Frames, found in a conventional hive, can hold natural comb.
- just run the frames without foundation
- frames can be wired to reinforce the comb
- set them up like a top bar hive beekeeper would setup his top bars
- use some kind of starter strip in each frame
- level the hive
- and let the bees draw out natural comb inside each frame
It’s that simple.
Some poorly drawn comb will be culled. But that’s no different from using foundation. Some bees do a great job drawing out comb. And some don’t.
Existing conventional equipment can be utilized. And conventional management practices can be modified for a natural focus.
Here’s how a couple of beekeepers build and work with foundationless frames:
Running foundationless frames is not a new idea. Charles Martin Simon, a backward beekeeper by his own estimation, sold Super Unfoundation, frames modified with vertical dowels used as comb guides instead of foundation and a starter strip. I don’t think the idea ever caught on. But maybe Super Unfoundation was ahead s time.
And everyone ran foundationless before foundation presses/mills and commercial foundation was manufactured.

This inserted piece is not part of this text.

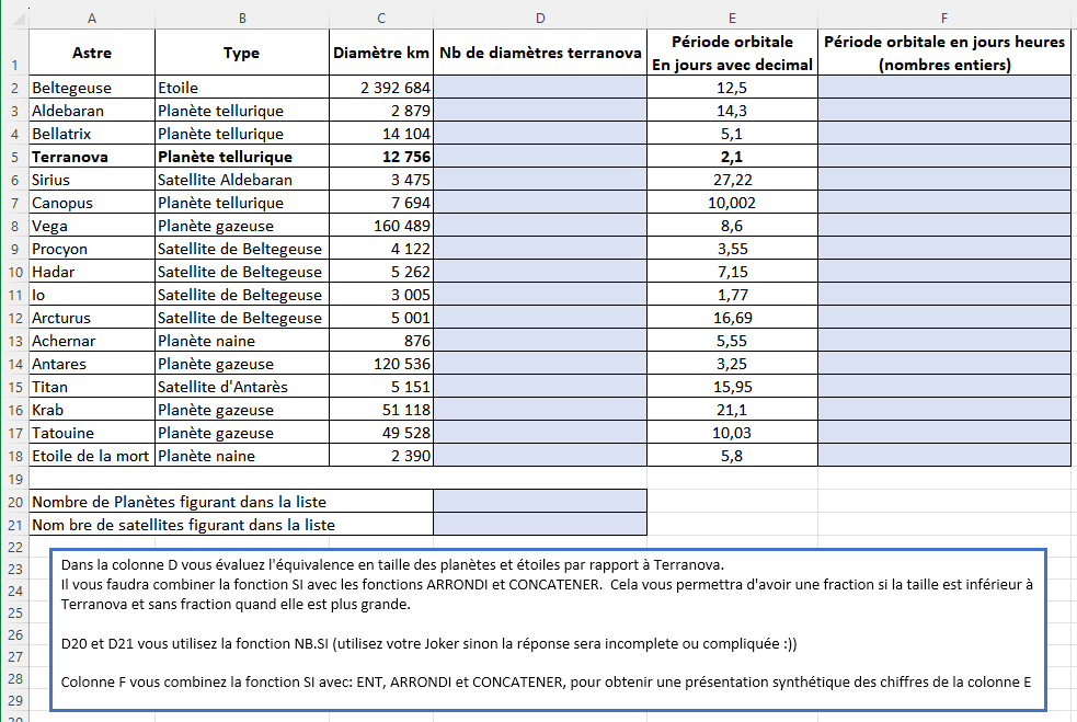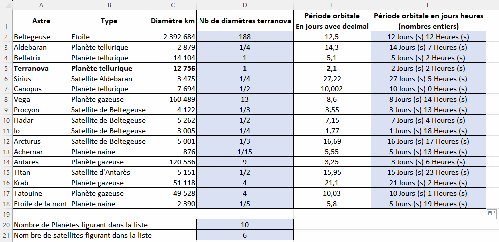 Dans la colonne D vous évaluez l'équivalence en taille des planètes et étoiles par rapport à Terranova.
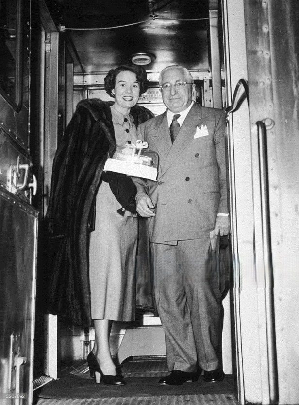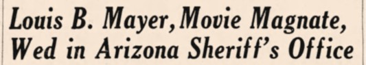 On December 4, 1948 Louis B. Mayer, longtime head of MGM Studios and one of the nation’s richest men, married his second wife, Lorena Danker, at the Yuma County Jail! The couple had eloped by train from Pasadena, arriving at Yuma’s Coronado Motor Hotel at 4 a.m. Hollywood reporters and photographers invaded Yuma after being tipped off about the elopement, so plans for a courthouse wedding were scrapped. Instead, local law enforcement officers escorted the couple to the Yuma County Jail where they were married by Justice of the Peace R.H. Lutes in Sheriff Jack Beard’s jail office.

Running natural comb frames isn’t the optimum configuration for the bees:
- comb spacing is a fixed width
- box/frame space interferes with a coherent broodnest structure
And the frames are expensive and complex.
There are some advantages when running foundationless frames:
- can use existing equipment
- frames are ready made
- no shop tools are needed
- no comb attachments to cut
- framed comb is more robust
- more familiar arrangement for conventional management/mentoring
- natural comb can be gradually phased into an existing operation
Most self spacing frames are 1 3/8″ wide. That’s a good overall approximation for a hive. But it’s too wide for a natural broodnest. Reducing frame width to 1 1/4″ is a better match. Foundationless frame beekeepers report that straighter comb is drawn with the narrower spacing.
Using a narrower spacing allows 11 frames to fit in a 10 frame brood box.
Honey supers can be run with fewer frames at a wider spacing. It’s common practice to run only 9 of the wider frames is a 10 frame honey super. Foundationless frames can be run the same way.
It’s easy to gradually transition traditional beekeeping equipment:
- stop treating with contaminating mite treatments to keep new comb clean
- gradually insert foundationless frames between drawn comb as part of a normal comb rotation plan
If the old combs aren’t plastic foundation based. And the wood hasn’t been contaminated with miticides or disease. It’s easy to cut the center out of each comb, leaving a small amount of comb attached to the top, side and bottom bars. The bees will use the attached comb as a guide and draw out new natural comb in the center.
It’s easy to run natural comb in a frame based Lang hive. And it’s also just as easy to meddle in them. There’s no end of ways to rotate, shuffle, divide and just generally mess around inside a frame based hive. The illusion is that meddling kills few bees. And since no comb is lost, no damage occurs. But that’s far from the truth. It takes days and sometimes a week or more for a hive to recover if all goes well. In the worst case, a hive can be damaged for the season.
- delays or confounds critical colony decisions
- induces robbing
- aggravates hive defensiveness
- releases hive beetles from their prisons
- some queens panic causing balling and queen loss
- disrupts heat, humidity, odor, hive organization, brood care, and climate control
I’ve learned the hard way that when in doubt, just stay out. A hive’s situation is seldom made worse off when it’s left alone.
Running Them Naturally
There’s no end to the advice given, and management schemes promoted, for meddling inside the broodnest. But I’ve only found a few that work with the bees.
Inserting honey/pollen frames above, beside, or below a broodnest is the most natural and easiest way to feed bees.
Creating an artificial swarm is a great way to take advantage of a hives decision to reproduce. With frames, it’s an easy and quick job.
And if done systematically, splitting can help keep equipment full and the need for requeening at a minimum.
A colony naturally lives from three to five years if everything goes well. Then like all things, it perishes. The comb and cavity are scavenged. And in the process the cavity is cleansed and made ready for new swarm.
Unfortunately, bees in a natural beekeeper’s hives will follow the same cycle resulting in empty equipment.
Requeening invigorates a colony. And can help control temper and other characteristics. But it’s an expensive, intrusive and a risky process that often fails almost as often as it succeeds.
It’s absolutely necessary for optimum colony health. As it mimics the natural cleansing found in a scavenged cavity.
With natural frames comb rotation can be systematic. The age of combs can be tracked. And comb rotation/management can be done when natural comb handling in other types of hives is difficult or impossible.
Checker boarding is the only frame/hive management technique that works with the bees. It uses the management flexibility frames provide. And it doesn’t mess with the broodnest. You can read more about checker boarding here.
Harvesting frame based honey is easier and quicker than with any other hive. Comb reuse is possible. And with a proper rotation plan, comb can be kept free of environmental contaminants.